I would like to formally announce my retirement.

It was all just getting started but I feel my best is behind me.

And in case you don't know, writing is hard.

That's why writers drink. I have, tonight, seriously considered leaving the house and getting myself some Bushmills. (My favorite liquor.) I don't understand why I don't keep my (favorite) liquor in the house. Everytime I want some whiskey I don't have it. And there is just something a little desperate about buying liquor when you are really, really craving it. Like everyone can see.
Like when I buy ice cream, I think at the convenience store they are thinking, "Here comes that fat girl. Coming to buy ice cream AGAIN. What's she so sad about?"
See it's different if I'm at the grocery store and my cart is full of peaches and beans and ice cream and cucumbers and cereal and whiskey and peanuts and juice boxes. That makes sense.
But to just go buy a bottle of hooch or a pint of ice cream...it's like telegraphing my sorrow to the world.

Ok.
I just realized that is what I'm doing here. Right now. However! To write this, I did not have to put on a bra or go find my shoes or check if I have any cash. (Cause using a debit card to buy a 3.00 carton of ice cream is just a whole other thing.)
So there.

Back to why my cupboards are bare of the essential whiskey.
Today has been a rough day. I set aside the entire day to write about this something-something that is quite emotional for me (this isn't it). Just jotting down some notes on the subject really stirred my pot of insecurity and unloveableness and failure and suddenly I just couldn't deal with anything.
It's okay. It's process. I get that.
Anyway I'm feeling a little better now. And that will get written whenever that gets written.
Still I'd like to sip a little whiskey at my retirement. (Oh, yeah. I guess it won't get written.)
But I have no whiskey.
So instead I ate my weight in chocolate. Peanut butter cups to be exact. So maybe, I'm theorizing, that is why I don't keep whiskey in the house. Cause I'd drink my weight in it just as I have the chocolate.
And I ate my weight in chocolate holed up in bed while reading David Sedaris' new book. And that my friends is why I am quitting this writing business.

Writing makes you sad.
Which makes you want whiskey.
Which you never have.
Which drives you to chocolate.
Which you eat while in bed with the new David Sedaris book.
Which you realize is the funniest thing ever written.
Which means all hope is lost for you in the funny writing department.
So why bother.
I quit.

Sunday, August 17, 2008

Part Two - Raining Maitri

This is the second half of my original post but I wanted it to be separate. More people than ever may be reading this blog (ha, ha, I hope...getting ahead of myself?) and I like that but it's scary and it threatens to edit me, change what I want to write. At a time when I am trying to expand my damndest I am exposing myself all the more!!!! Aack!
Oh. Duh.
Right. That's how that works.
So I'm asking you to be patient with me. You might not like it. I have some strong opinions. Could be different than yours. But hey, that's fine. Just know I am trying to break out. And be me.
And be free.

Picking up from last time and jumping off the subject of fear, let's move on:

You (I) try to get to the point where you (I) no longer resist. Ekhart taught us this in "Power of Now." To be present. To not give in to thinking and the urges of the ego.
Dissolve that damn pain body.
Burn off the synapses that go to it.

I got it. I should no longer push against the circumstances of my life. And so I have learned to accept them for what they are. I've given in.
Given up.
Surrendered.
And to some degree and for some time, I kind of tolerated that practice. I practiced. I TRIED. But I can't say I embraced it. I can't say I lived it.

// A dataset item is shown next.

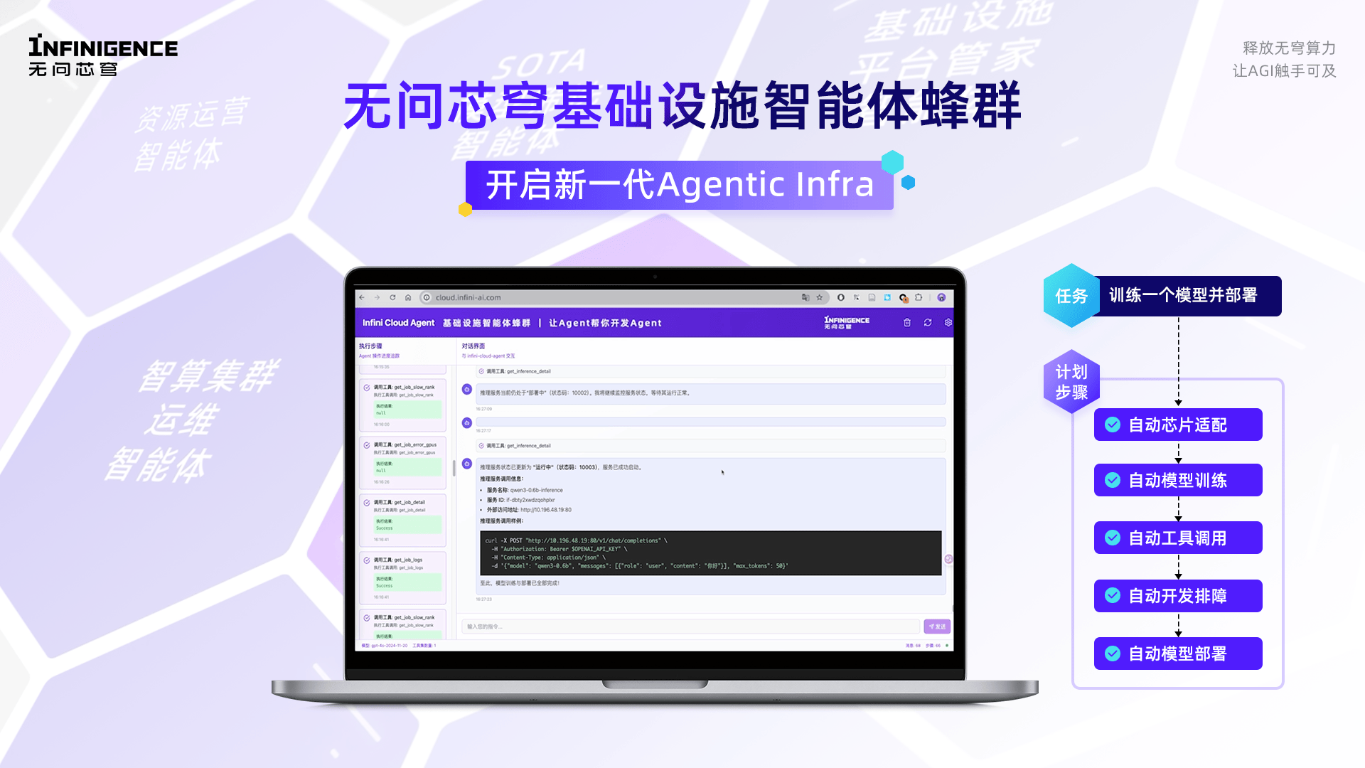 以传统的智算集群基础设施使用运营运维方式为例,无问芯穹基础设施智能体蜂群通过多智能体协同,把传统分散在开发、运维、运营团队的割裂流程,统一在一个智能化的“感知—决策—执行”闭环中。无论是算力池化后的弹性调度、集群跨地域统一运营,还是高性能网络、存储与安全的协同管控,蜂群架构都能实现动态优化与自适应调整。这种整体性能力让算力平台不再只是被动提供资源,而是以自治化的方式主动服务于研发任务和业务目标,实现集群资源利用率、能效比和可靠性的全面提升。
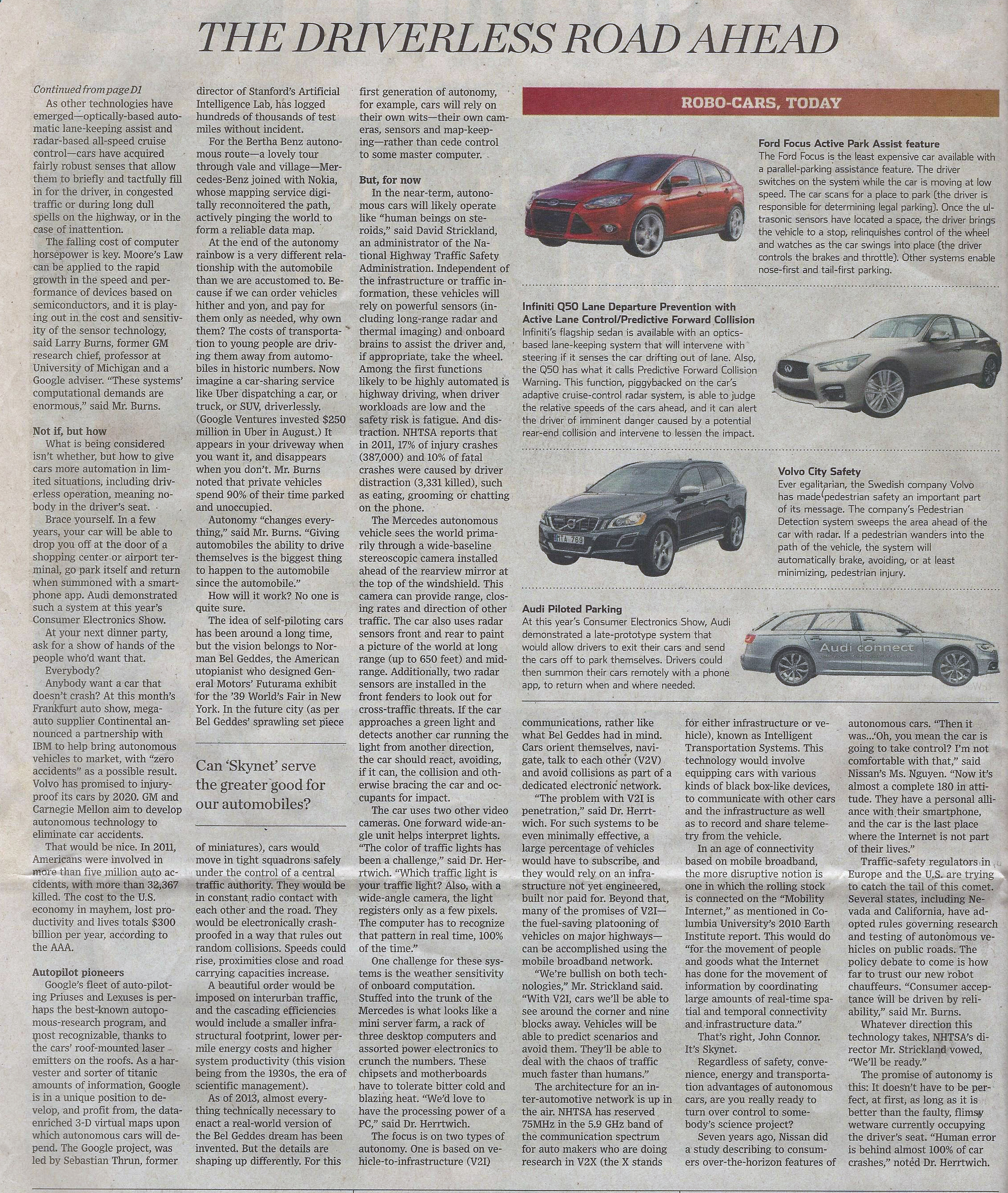 This blog has several articles that I think will sum up for you where we’ve come from and where we’re going in regard to the driverless car. My own opinions, which I’ve given from time to time, could be off base on their projections but one thing is certain: The driverless car is coming and coming soon.

Then over an inexplicable time/divorce, I found myself looking from one mountaintop to the next. I saw that the next goal was to go beyond non-resistance and to be able to welcome pain into my life.
To expect it.
To be curious about it.
To be compassionate.
To lean into the sharp points.

TO NOT BE SCARED.

I had learned this once before. Well, twice before.
I am very fortunate to have two children as well as having had the experience of having my kids at home au naturale.

This was the experience of labor for me.

In my opinion, birthing children is the most under-valued and/yet most-ecstatic experience in modern human history. Birth is to labor, to bleed, to lactate, to provide, to pass, to create, to replicate, to sacrifice your very body and being for the continuation of the species, for your kin, for your kind, for your spawn, for your baby...your BABY.
To love your baby is to know real love.
So you do it all for your baby. You love so much that you can welcome more pain. You can know the experience of going to your end. And then to go past it.
That's to die, isn't it? To pass from one realm to another.
In birth, the woman brings the source of life into this realm. She transports a life from the un-seen, un-knowable place before birth into this bright, fast-moving reality in contrast. Into a modern world through an ancient path. The transportation takes place with grunting, shape-shifting, ripping, expectation blowing, running and hiding, boldness and courage, screaming and crying, laughing and climaxing. A warrior. A goddess. A vessel. Through this: a mystical. material, physical, animal/Godly person arises. A new person. Two new people.
That said. My friends:
I have to ask you.
Why would a woman want to be drugged for that? To not totally be able to feel the most empowering moment possible in life? I think it is a shame that our medical system doubts a woman's ability to manage her pain. That they feel the need to control her. To silence her. To numb her. And sometimes dumb her.
Women can take it. They're smart and strong. She is nature. She is the creator.

She can stare down fear.

Sure, it makes your blood run cold, empties your brain cache and creates you new. But it is a woman's birthright. It is her path.

Birth is an experience that is common throughout the world and over the centuries. Yes. But the opportunity to experience birth for myself was rare.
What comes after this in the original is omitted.